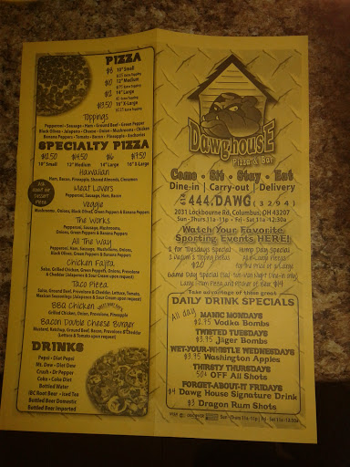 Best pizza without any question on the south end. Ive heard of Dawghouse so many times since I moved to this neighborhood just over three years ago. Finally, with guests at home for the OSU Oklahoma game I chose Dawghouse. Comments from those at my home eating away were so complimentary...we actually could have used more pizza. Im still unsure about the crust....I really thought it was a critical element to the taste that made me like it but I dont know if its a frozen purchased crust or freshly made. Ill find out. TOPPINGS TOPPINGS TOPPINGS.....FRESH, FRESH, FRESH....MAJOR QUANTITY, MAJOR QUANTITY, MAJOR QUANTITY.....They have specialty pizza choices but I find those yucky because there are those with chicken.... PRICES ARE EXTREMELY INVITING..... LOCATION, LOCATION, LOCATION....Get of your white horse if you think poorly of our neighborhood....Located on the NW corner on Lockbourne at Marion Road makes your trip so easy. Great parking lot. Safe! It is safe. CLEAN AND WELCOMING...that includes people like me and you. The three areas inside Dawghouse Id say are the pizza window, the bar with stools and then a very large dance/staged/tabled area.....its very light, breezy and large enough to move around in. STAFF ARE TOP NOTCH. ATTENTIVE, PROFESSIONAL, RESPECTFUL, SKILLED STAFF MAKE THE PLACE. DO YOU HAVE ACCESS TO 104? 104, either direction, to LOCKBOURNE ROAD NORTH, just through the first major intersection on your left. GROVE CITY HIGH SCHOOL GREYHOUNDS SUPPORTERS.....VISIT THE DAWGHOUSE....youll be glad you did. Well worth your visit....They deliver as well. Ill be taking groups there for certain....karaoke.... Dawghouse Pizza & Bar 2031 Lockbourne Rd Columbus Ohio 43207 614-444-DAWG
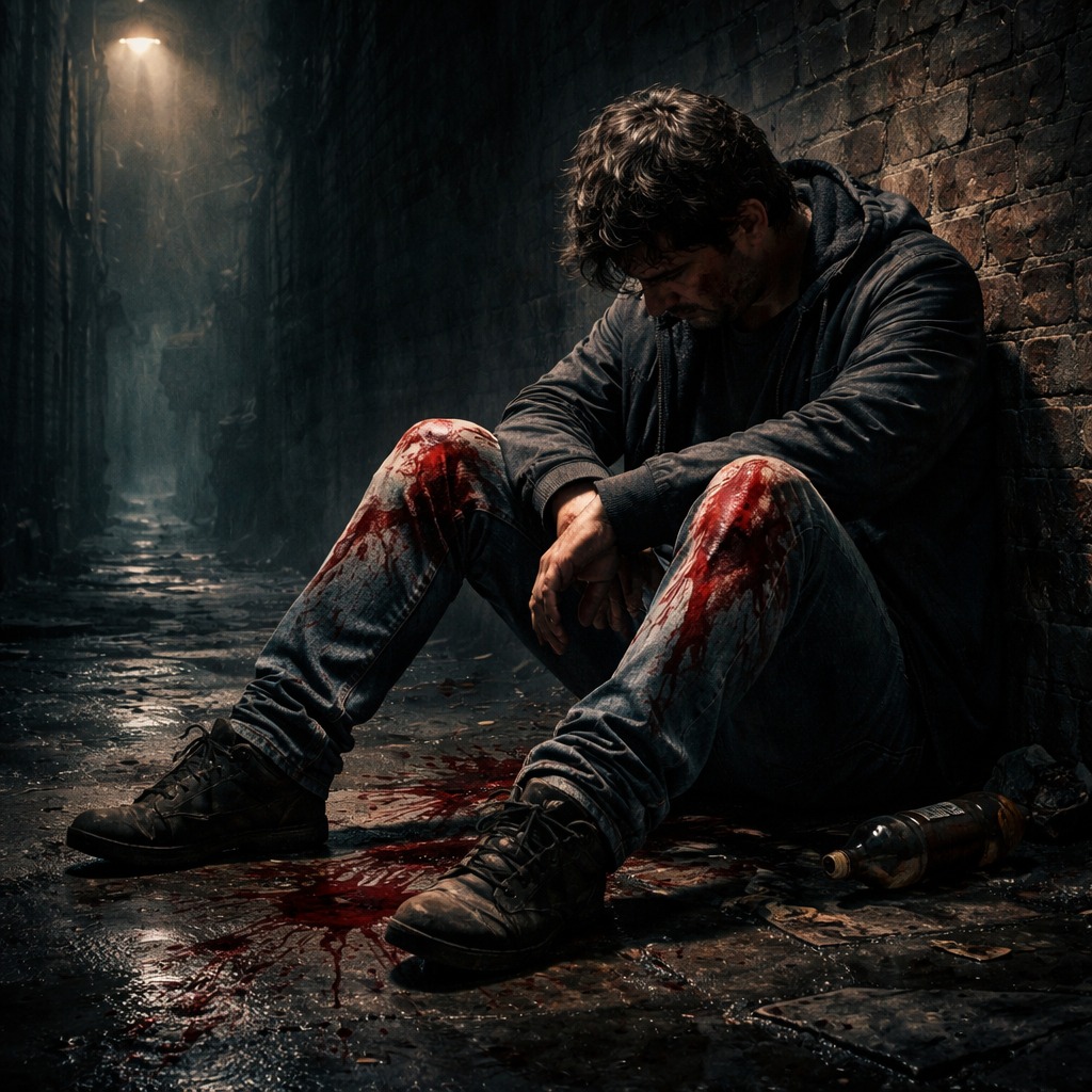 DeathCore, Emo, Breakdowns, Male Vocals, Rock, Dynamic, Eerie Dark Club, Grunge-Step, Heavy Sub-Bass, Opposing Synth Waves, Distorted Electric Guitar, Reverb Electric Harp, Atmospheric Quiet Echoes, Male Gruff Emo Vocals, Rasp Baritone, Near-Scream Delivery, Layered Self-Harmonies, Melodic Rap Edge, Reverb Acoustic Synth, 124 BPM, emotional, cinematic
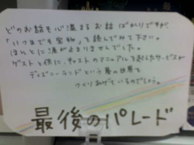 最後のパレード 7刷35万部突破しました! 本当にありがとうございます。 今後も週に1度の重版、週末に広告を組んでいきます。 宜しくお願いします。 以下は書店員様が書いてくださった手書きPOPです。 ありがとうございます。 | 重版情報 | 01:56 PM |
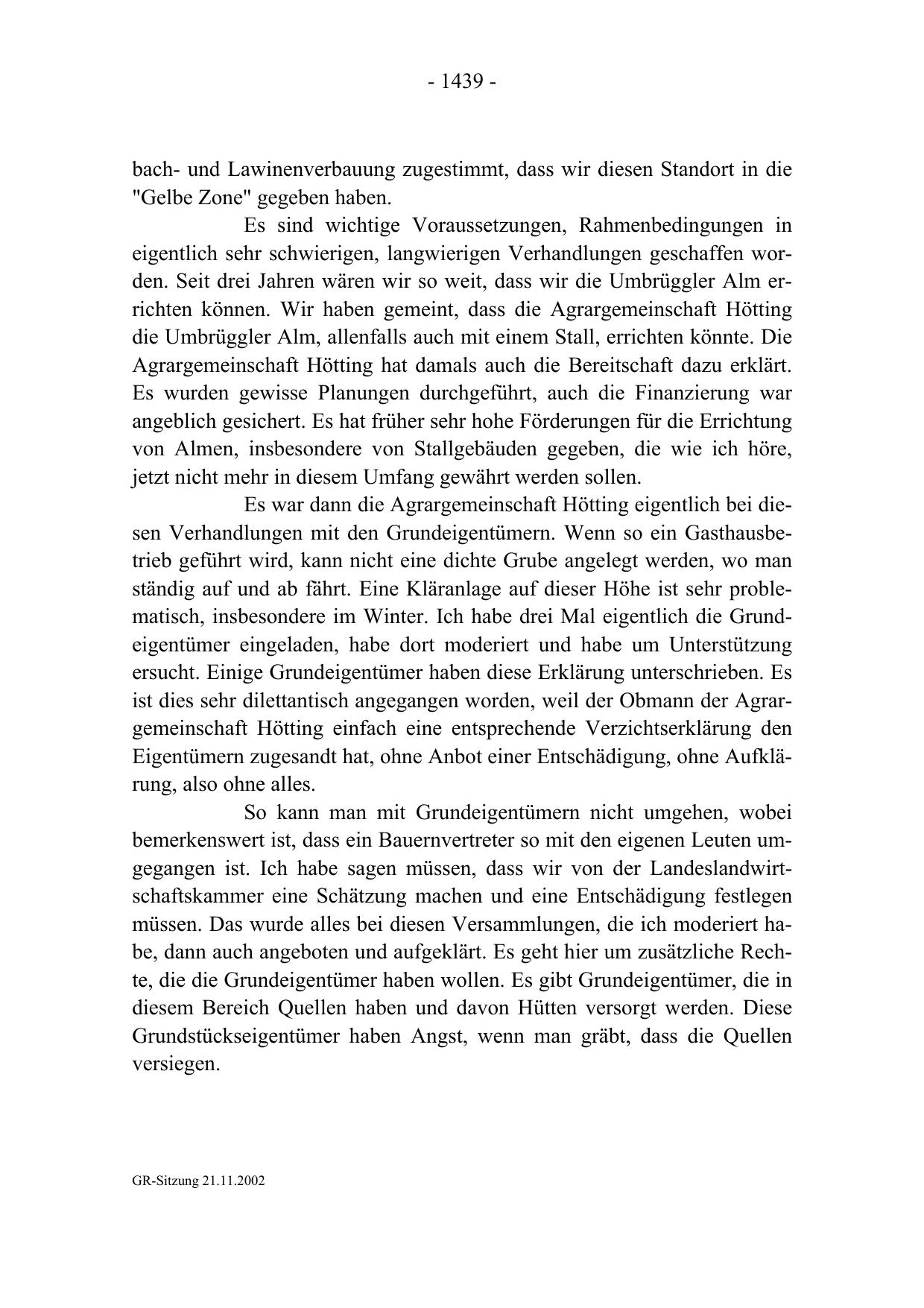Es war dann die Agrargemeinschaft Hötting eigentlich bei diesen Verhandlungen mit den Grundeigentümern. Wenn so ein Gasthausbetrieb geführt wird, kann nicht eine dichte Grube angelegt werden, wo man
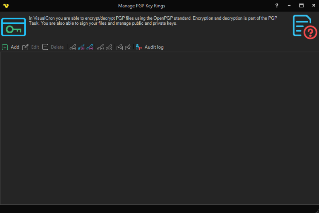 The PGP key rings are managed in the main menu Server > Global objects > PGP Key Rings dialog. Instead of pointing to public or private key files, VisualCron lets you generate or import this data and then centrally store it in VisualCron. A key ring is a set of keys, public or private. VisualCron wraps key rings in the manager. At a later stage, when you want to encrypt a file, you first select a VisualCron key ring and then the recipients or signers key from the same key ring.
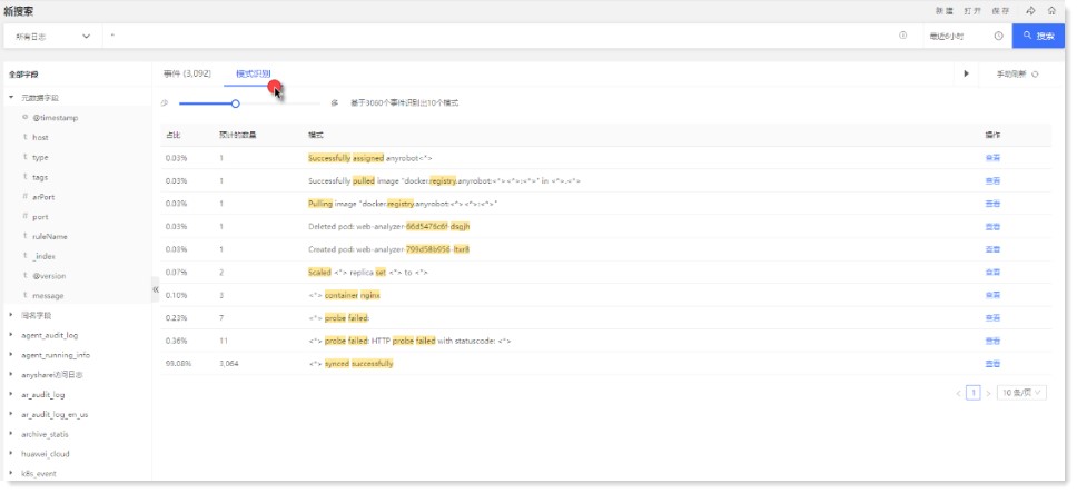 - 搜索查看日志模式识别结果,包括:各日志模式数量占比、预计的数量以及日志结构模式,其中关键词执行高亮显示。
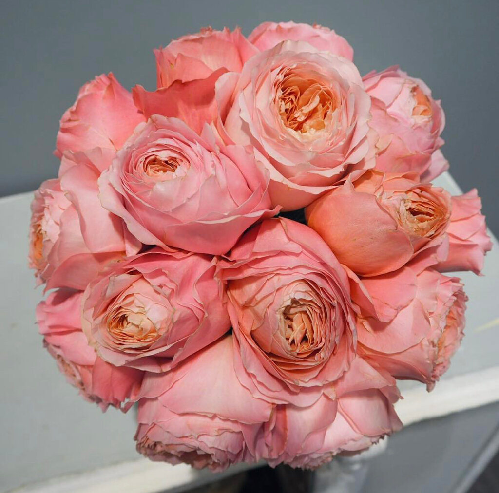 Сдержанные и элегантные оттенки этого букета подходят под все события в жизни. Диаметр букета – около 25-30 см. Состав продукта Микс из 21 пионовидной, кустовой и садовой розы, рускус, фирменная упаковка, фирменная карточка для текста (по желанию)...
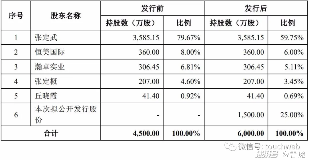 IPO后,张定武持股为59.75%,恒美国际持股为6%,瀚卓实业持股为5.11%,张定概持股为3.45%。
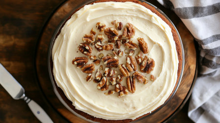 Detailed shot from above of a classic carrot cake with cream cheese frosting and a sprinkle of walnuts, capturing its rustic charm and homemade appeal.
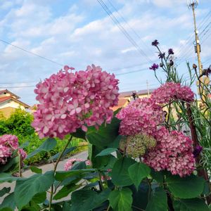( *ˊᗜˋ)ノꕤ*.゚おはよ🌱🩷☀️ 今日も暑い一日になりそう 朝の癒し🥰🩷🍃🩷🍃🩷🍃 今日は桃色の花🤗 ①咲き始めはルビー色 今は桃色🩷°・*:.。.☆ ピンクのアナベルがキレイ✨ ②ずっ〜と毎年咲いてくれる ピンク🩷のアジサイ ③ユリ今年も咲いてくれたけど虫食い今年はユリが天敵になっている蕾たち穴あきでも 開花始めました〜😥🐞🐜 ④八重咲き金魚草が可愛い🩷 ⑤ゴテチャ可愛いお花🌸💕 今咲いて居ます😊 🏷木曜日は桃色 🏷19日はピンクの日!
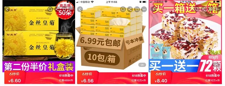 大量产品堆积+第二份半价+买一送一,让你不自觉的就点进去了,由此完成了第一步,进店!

##############################

§ **Task directions**:
Each entry is to be output exactly, and no picture is to appear.

§ **Response for this exercise**:
 Best pizza without any question on the south end. Ive heard of Dawghouse so many times since I moved to this neighborhood just over three years ago. Finally, with guests at home for the OSU Oklahoma game I chose Dawghouse. Comments from those at my home eating away were so complimentary...we actually could have used more pizza. Im still unsure about the crust....I really thought it was a critical element to the taste that made me like it but I dont know if its a frozen purchased crust or freshly made. Ill find out. TOPPINGS TOPPINGS TOPPINGS.....FRESH, FRESH, FRESH....MAJOR QUANTITY, MAJOR QUANTITY, MAJOR QUANTITY.....They have specialty pizza choices but I find those yucky because there are those with chicken.... PRICES ARE EXTREMELY INVITING..... LOCATION, LOCATION, LOCATION....Get of your white horse if you think poorly of our neighborhood....Located on the NW corner on Lockbourne at Marion Road makes your trip so easy. Great parking lot. Safe! It is safe. CLEAN AND WELCOMING...that includes people like me and you. The three areas inside Dawghouse Id say are the pizza window, the bar with stools and then a very large dance/staged/tabled area.....its very light, breezy and large enough to move around in. STAFF ARE TOP NOTCH. ATTENTIVE, PROFESSIONAL, RESPECTFUL, SKILLED STAFF MAKE THE PLACE. DO YOU HAVE ACCESS TO 104? 104, either direction, to LOCKBOURNE ROAD NORTH, just through the first major intersection on your left. GROVE CITY HIGH SCHOOL GREYHOUNDS SUPPORTERS.....VISIT THE DAWGHOUSE....youll be glad you did. Well worth your visit....They deliver as well. Ill be taking groups there for certain....karaoke.... Dawghouse Pizza & Bar 2031 Lockbourne Rd Columbus Ohio 43207 614-444-DAWG
 DeathCore, Emo, Breakdowns, Male Vocals, Rock, Dynamic, Eerie Dark Club, Grunge-Step, Heavy Sub-Bass, Opposing Synth Waves, Distorted Electric Guitar, Reverb Electric Harp, Atmospheric Quiet Echoes, Male Gruff Emo Vocals, Rasp Baritone, Near-Scream Delivery, Layered Self-Harmonies, Melodic Rap Edge, Reverb Acoustic Synth, 124 BPM, emotional, cinematic
 最後のパレード 7刷35万部突破しました! 本当にありがとうございます。 今後も週に1度の重版、週末に広告を組んでいきます。 宜しくお願いします。 以下は書店員様が書いてくださった手書きPOPです。 ありがとうございます。 | 重版情報 | 01:56 PM |
Es war dann die Agrargemeinschaft Hötting eigentlich bei diesen Verhandlungen mit den Grundeigentümern. Wenn so ein Gasthausbetrieb geführt wird, kann nicht eine dichte Grube angelegt werden, wo man
 The PGP key rings are managed in the main menu Server > Global objects > PGP Key Rings dialog. Instead of pointing to public or private key files, VisualCron lets you generate or import this data and then centrally store it in VisualCron. A key ring is a set of keys, public or private. VisualCron wraps key rings in the manager. At a later stage, when you want to encrypt a file, you first select a VisualCron key ring and then the recipients or signers key from the same key ring.
 - 搜索查看日志模式识别结果,包括:各日志模式数量占比、预计的数量以及日志结构模式,其中关键词执行高亮显示。
 Сдержанные и элегантные оттенки этого букета подходят под все события в жизни. Диаметр букета – около 25-30 см. Состав продукта Микс из 21 пионовидной, кустовой и садовой розы, рускус, фирменная упаковка, фирменная карточка для текста (по желанию)...
 IPO后,张定武持股为59.75%,恒美国际持股为6%,瀚卓实业持股为5.11%,张定概持股为3.45%。
 Detailed shot from above of a classic carrot cake with cream cheese frosting and a sprinkle of walnuts, capturing its rustic charm and homemade appeal.
( *ˊᗜˋ)ノꕤ*.゚おはよ🌱🩷☀️ 今日も暑い一日になりそう 朝の癒し🥰🩷🍃🩷🍃🩷🍃 今日は桃色の花🤗 ①咲き始めはルビー色 今は桃色🩷°・*:.。.☆ ピンクのアナベルがキレイ✨ ②ずっ〜と毎年咲いてくれる ピンク🩷のアジサイ ③ユリ今年も咲いてくれたけど虫食い今年はユリが天敵になっている蕾たち穴あきでも 開花始めました〜😥🐞🐜 ④八重咲き金魚草が可愛い🩷 ⑤ゴテチャ可愛いお花🌸💕 今咲いて居ます😊 🏷木曜日は桃色 🏷19日はピンクの日!
 大量产品堆积+第二份半价+买一送一,让你不自觉的就点进去了,由此完成了第一步,进店!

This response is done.